Dataset entries:
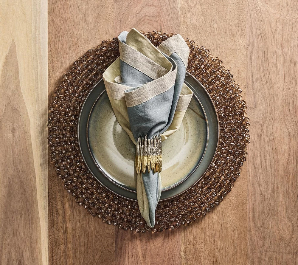 - Lustrous silver and gold napkin ring features a naturalistic design
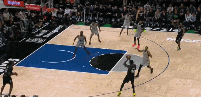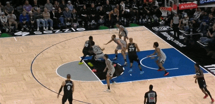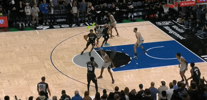 三分线45度策应 罚球线麦丹借戈贝尔无球掩护 中投命中
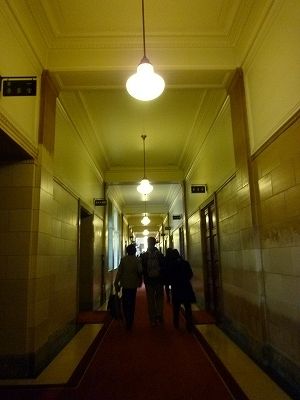 記者が廊下の壁際に立つので、その肘があたるラインが磨かれて白くなっていたり。
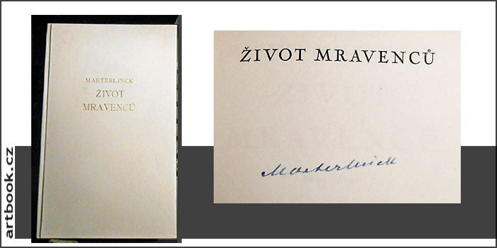 Podpis autora v přednostím exempláři. Praha; F. Topič; 1931. Vytiskla 'Politika' v Praze. Z francouzštiny (La Vie des fourmis; 1. vyd. 1930) přeložila B. Polívková. V úpravě a s nakl. zn. C. BOUDY. Ručně čísl. ex. 34 z 50 čísl. výtisků podepsaných autorem. Pův. celopergamenová vazba se zlatou ražbou na přední desce a na hřbetě. Velmi dobrý stav.
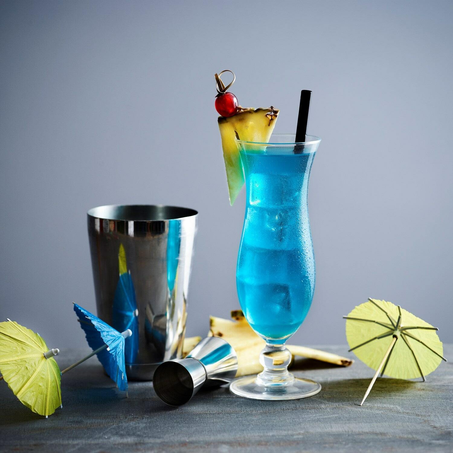Eksotisk, forfriskende cocktail lavet med blandt rom, ananasjuice og Shake-It Mixer Blue Curaco.
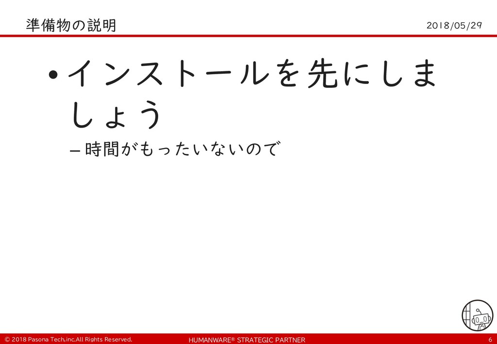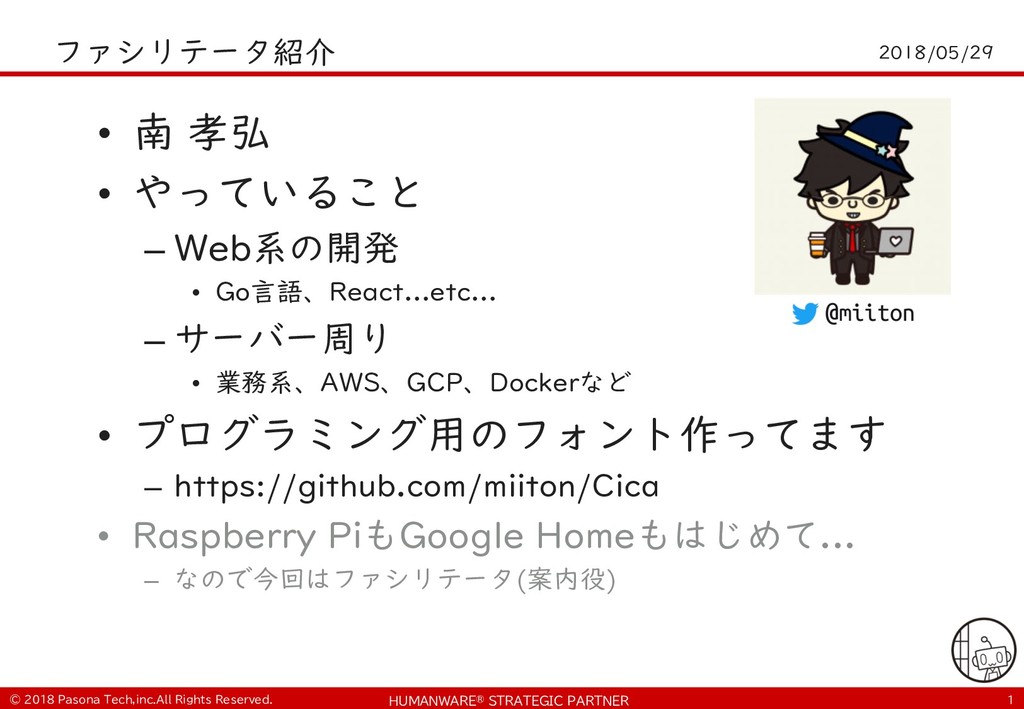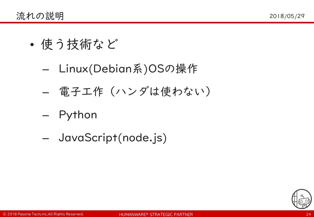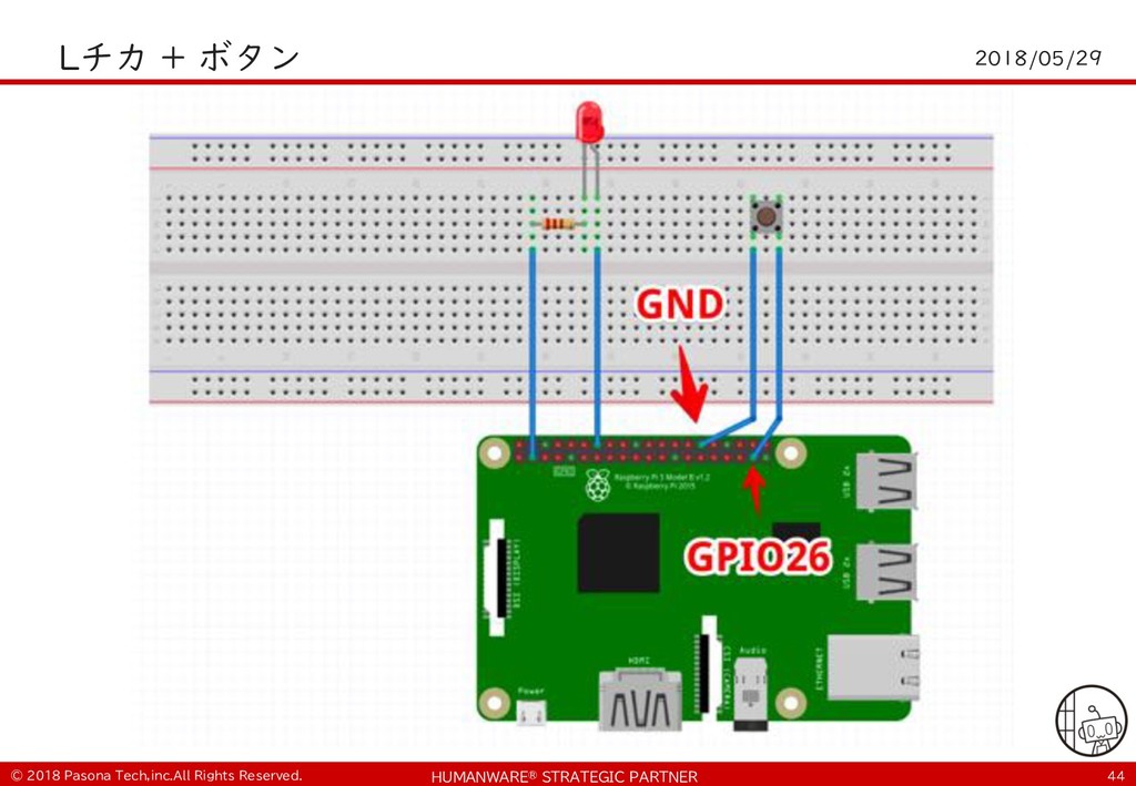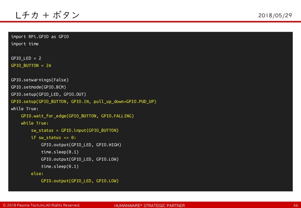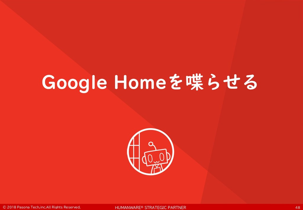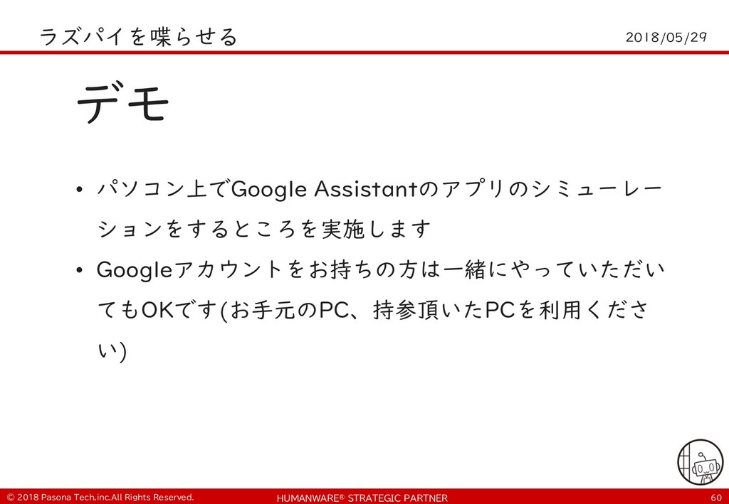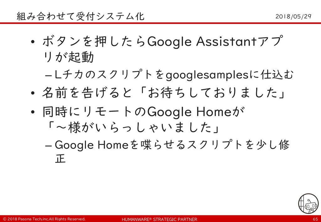 • $ git clone https://github.com/PasonaTechLab/tech1805 $ cp tech1805/pushtotalk.py env/lib/python2.7/site- packages/googlesamples/assistant/grpc $ pip install RPi.GPIO $ vi tech1805/notify.js # Google-Home-Mini-XXXを書き換え $ cp tech1805/notify.js notifier/notify.js • python -m googlesamples.assistant.grpc.pushtotalk -- device-model-id <DevideModelID> --device-id <DeviceID> -i out.raw --lang ja-JP --once ! "

| Your goal |
An exact copy of the entries above is required; pictures are not part of it.

| Written solution |
 - Lustrous silver and gold napkin ring features a naturalistic design
 三分线45度策应 罚球线麦丹借戈贝尔无球掩护 中投命中
 記者が廊下の壁際に立つので、その肘があたるラインが磨かれて白くなっていたり。
 Podpis autora v přednostím exempláři. Praha; F. Topič; 1931. Vytiskla 'Politika' v Praze. Z francouzštiny (La Vie des fourmis; 1. vyd. 1930) přeložila B. Polívková. V úpravě a s nakl. zn. C. BOUDY. Ručně čísl. ex. 34 z 50 čísl. výtisků podepsaných autorem. Pův. celopergamenová vazba se zlatou ražbou na přední desce a na hřbetě. Velmi dobrý stav.
Eksotisk, forfriskende cocktail lavet med blandt rom, ananasjuice og Shake-It Mixer Blue Curaco.
 • $ git clone https://github.com/PasonaTechLab/tech1805 $ cp tech1805/pushtotalk.py env/lib/python2.7/site- packages/googlesamples/assistant/grpc $ pip install RPi.GPIO $ vi tech1805/notify.js # Google-Home-Mini-XXXを書き換え $ cp tech1805/notify.js notifier/notify.js • python -m googlesamples.assistant.grpc.pushtotalk -- device-model-id <DevideModelID> --device-id <DeviceID> -i out.raw --lang ja-JP --once ! "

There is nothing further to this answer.